TASK
Every line from the one containing "Unidad de dos" to the end of the records below must be copied exactly, and no pictures may be included.

Entries taken from a collection
════════════════════

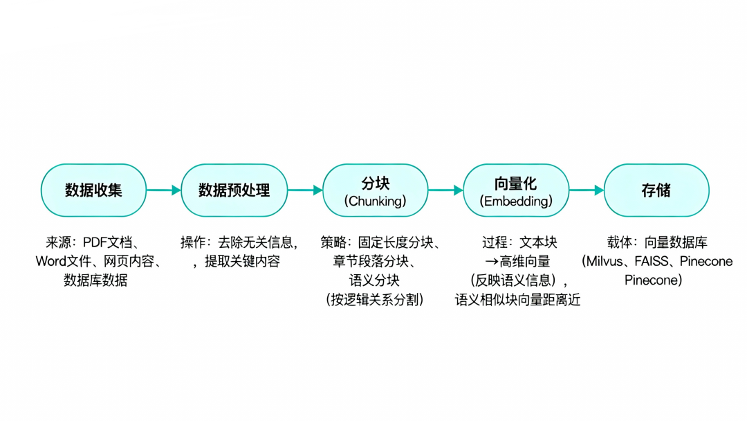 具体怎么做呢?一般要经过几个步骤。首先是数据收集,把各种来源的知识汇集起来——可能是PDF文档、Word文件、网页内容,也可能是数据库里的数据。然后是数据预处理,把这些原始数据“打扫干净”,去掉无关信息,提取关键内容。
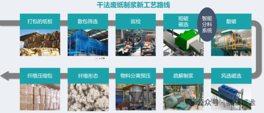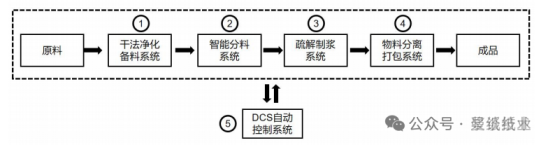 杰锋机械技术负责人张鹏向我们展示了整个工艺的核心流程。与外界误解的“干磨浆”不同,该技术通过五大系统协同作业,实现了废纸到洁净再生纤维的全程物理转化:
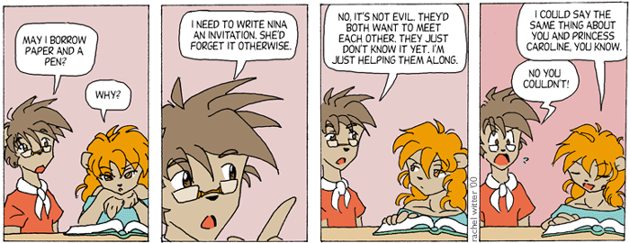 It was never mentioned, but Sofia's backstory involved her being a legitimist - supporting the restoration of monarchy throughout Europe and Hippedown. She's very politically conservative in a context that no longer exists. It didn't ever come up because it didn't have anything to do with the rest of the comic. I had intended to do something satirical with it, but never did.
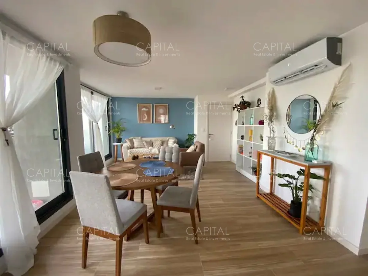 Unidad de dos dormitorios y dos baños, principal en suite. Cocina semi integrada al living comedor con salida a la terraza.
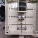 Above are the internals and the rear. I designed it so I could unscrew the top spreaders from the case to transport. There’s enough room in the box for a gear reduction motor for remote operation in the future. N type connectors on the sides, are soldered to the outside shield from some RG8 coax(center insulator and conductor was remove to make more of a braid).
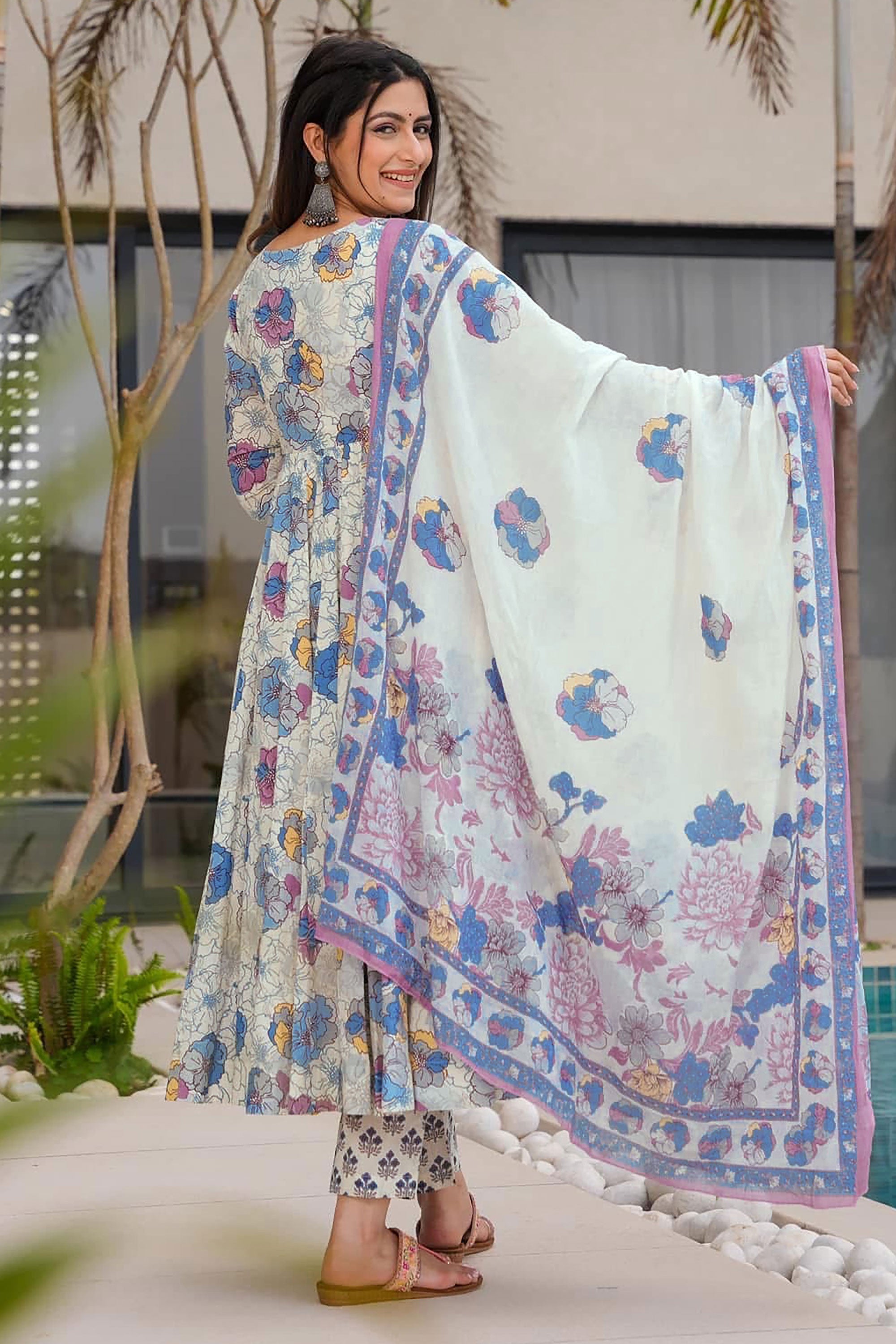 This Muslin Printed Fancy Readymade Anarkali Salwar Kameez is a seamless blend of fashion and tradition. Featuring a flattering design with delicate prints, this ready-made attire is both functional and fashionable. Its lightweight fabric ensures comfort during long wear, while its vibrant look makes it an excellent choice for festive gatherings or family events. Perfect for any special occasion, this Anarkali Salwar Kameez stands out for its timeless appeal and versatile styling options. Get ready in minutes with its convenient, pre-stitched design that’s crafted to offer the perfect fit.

════════════════════

RESPONSE AREA
 Unidad de dos dormitorios y dos baños, principal en suite. Cocina semi integrada al living comedor con salida a la terraza.
 Above are the internals and the rear. I designed it so I could unscrew the top spreaders from the case to transport. There’s enough room in the box for a gear reduction motor for remote operation in the future. N type connectors on the sides, are soldered to the outside shield from some RG8 coax(center insulator and conductor was remove to make more of a braid).
 This Muslin Printed Fancy Readymade Anarkali Salwar Kameez is a seamless blend of fashion and tradition. Featuring a flattering design with delicate prints, this ready-made attire is both functional and fashionable. Its lightweight fabric ensures comfort during long wear, while its vibrant look makes it an excellent choice for festive gatherings or family events. Perfect for any special occasion, this Anarkali Salwar Kameez stands out for its timeless appeal and versatile styling options. Get ready in minutes with its convenient, pre-stitched design that’s crafted to offer the perfect fit.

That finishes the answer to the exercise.